Ava is a great test runner but if you require your code to go through some form of pre-compile step it requires further configuration to work. For example say you are using react and .jsx files. Ava has a decent solution where you would add the module 'babel-register' as a startup require. This works great but as your project expands you might run into the situation were your test runtimes start to increase more rapidly than you would expect. This occurs because when Ava runs the tests it loads 'babel-register' on each test process which will compile your code on each test run. Usually the cost of compiling can be mitigated through file watch caching, on save only the module/file edited will need to be re-compiled. Unfortunately, while ava --watch
does a good job of caching the test sources, since it relies on 'babel-register' for the compiling step it does not do any compiling caching. This is where webpack comes in, run independently it has caching support and will cut down your codes re-compile times whenever you want to run your tests.
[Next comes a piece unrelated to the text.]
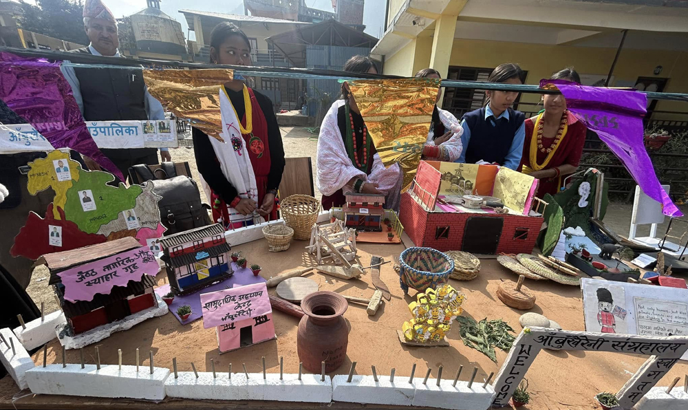 तनहुँको आँवुखैरेनी गाउँपालिकाले आयोजना गरेको शैक्षिक सामग्री प्रदर्शनी मेलामा पालिकाका विभिन्न विद्यालयका विद्यार्थीले तयार गरेका शैक्षिक सामाग्रीहरु ।

Ava by itself can find all Ava tests in your source files and run them. With the approach detailed in this project you have to add each top level test file to the webpack.config.js
entry.main
array. This likely could be alleviated through the use of https://www.npmjs.com/package/webpack-glob-entries but from looking at webpack/webpack#370 it appears like restarting webpack will be required each time a new test file is added.
npm test
- Compile and run your tests
npm run watch:test
- Compiles your tests whenever the source changes and runs them as well
I am on windows so my watch command here is probably not ideal for other platforms, webpack --watch & ava --watch &
might work on linux but I am not sure.